Smaller, faster, smarter publications
A new way to publish scientific discovery, from flashPub
In 1665, the first scientific journal articles were published in England. Instead of waiting decades to publish a complete set of work as a book, scientists could actively lead their community with rapid, more frequent publications. Over three hundred years later, journal articles remain the primary method of formalizing and publishing new scientific discoveries.
In 1969, the internet was born with one fateful message between two computers: “lo-”. Despite its anti-climatic beginnings, the internet has since completely transformed the way we communicate, interact, and work. Our communications have gotten smaller, faster, and smarter, with one glaring exception — the way scientists publish their discoveries.
Today, there is a growing fervor to disrupt the outdated status quo of academic publishing. Science funding agencies are launching sweeping initiatives to mandate publishing in open journals. Researchers are illegally sharing scientific knowledge and refusing to participate in closed journals. And entrepreneurs are launching companies to introduce new tools, new workflows, and help imagine a new status quo.
At flashPub, we are tackling one small piece of this new vision. We are a passionate group of researchers, technologists, designers, and science advocates on a mission to make publishing a scientific discovery as fast as possible.
We are motivated by three key insights:
- There is a wealth of unpublished data (as much as 80% of all research outputs) waiting to be published with smaller publication formats.
- A brand new publication hot off the press is actually years old work — capturing science in real time will require much faster publication cycles.
- Paywalls for reading and publishing science create potent anti-network effects that preclude a much larger, data driven market derived from smarter content.
These insights have driven us to re-imagine what academic publishing could look like with much smaller, faster, and smarter publications. Instead of waiting years to publish a complete set of experiments as an article, we’re empowering researchers to actively lead their community with rapid, more frequent publications.

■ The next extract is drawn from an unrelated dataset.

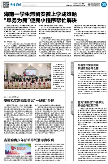 海南一学生滞留安徽上学成难题 “阜务为民”便民小程序帮忙解决
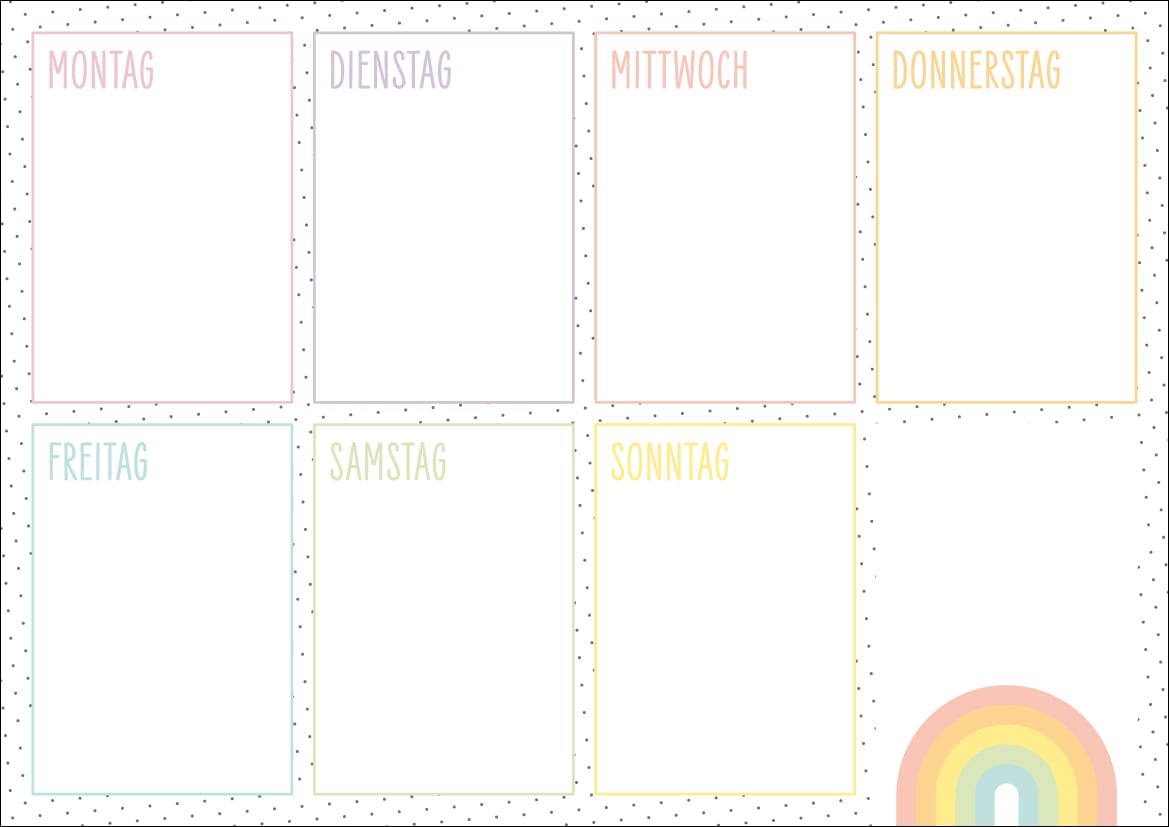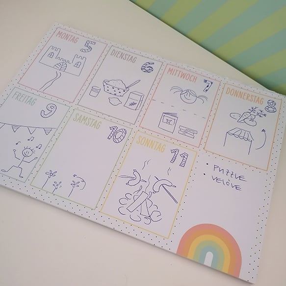 Neben den Wochentagen hat es genügend Platz um das Datum von Hand einzutragen. Oberhalb des Regenbogens hat Raum für Notizen, Spielwünsche usw.

The foundation of our workflow is a much smaller scientific publication called a ‘micropublication’:
At the heart of each micropublication is a single, narrowly scoped finding expressed as a claim, such as:
The key advantage of a micropublication is reduced burden on authors and peer reviewers, which enables a much faster publication cycle. Yet the smaller scope creates a host of new problems: How do you make sense of these smaller bits of information? What stories do they tell? What the heck is a claim, anyways? And how can you use them to inspire your community and advance your career?

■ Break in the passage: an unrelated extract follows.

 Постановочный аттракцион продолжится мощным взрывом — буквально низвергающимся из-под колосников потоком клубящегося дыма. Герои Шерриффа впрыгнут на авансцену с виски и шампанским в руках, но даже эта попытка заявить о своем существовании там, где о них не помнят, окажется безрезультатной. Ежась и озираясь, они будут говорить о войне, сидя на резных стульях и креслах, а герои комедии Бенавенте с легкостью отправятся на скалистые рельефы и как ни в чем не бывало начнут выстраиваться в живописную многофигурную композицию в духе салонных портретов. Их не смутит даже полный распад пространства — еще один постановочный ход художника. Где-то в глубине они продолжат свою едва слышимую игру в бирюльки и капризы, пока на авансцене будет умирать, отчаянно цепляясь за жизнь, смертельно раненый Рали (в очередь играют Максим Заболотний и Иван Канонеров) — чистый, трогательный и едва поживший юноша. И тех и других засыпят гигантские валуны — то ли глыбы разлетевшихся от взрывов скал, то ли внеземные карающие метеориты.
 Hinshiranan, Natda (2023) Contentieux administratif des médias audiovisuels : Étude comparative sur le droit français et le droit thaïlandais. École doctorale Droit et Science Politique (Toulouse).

Research narratives emerging from micropublications will not look the same as research narratives in articles, in the same way that articles do not tell the same stories as books. Micropublications support faster, more granular, and rapidly evolving research narratives. They will be messier and more chaotic from moment to moment, but will converge more rapidly on the truth.
Using the example claim above, let’s say one clinician claims that Drug X cures Disease Y but ten other clinicians claim that Drug X actually aggravates Disease Y. Published in rapid succession, these supporting and opposing claims can be streamed into a single view to visualize how scientific consensus is emerging around Drug X not helping Disease Y. In this way robust narratives emerge organically across many independent researchers and clinicians.
Since the birth of the internet, many people have been waiting for a new revolution in academic publishing similar to the disruption journal articles sparked so many years ago. While change is slow, we can’t help but notice the tipping point this industry is rapidly approaching.
We feel that the time is right for drastic changes in how scientific discovery is published. We believe this because it is already happening. Researchers are engaging in real time discussions on Twitter, publishing preprints, and finding new ways to share more rapidly. Giant publishers are responding to public pressure and experimenting with new business models. And in specific areas existing workflows are completely breaking down such as in facilitating rapid research responses to pressing health crises. All we have to do is embrace these trends and provide a formal outlet for rapid, peer reviewed scientific publications.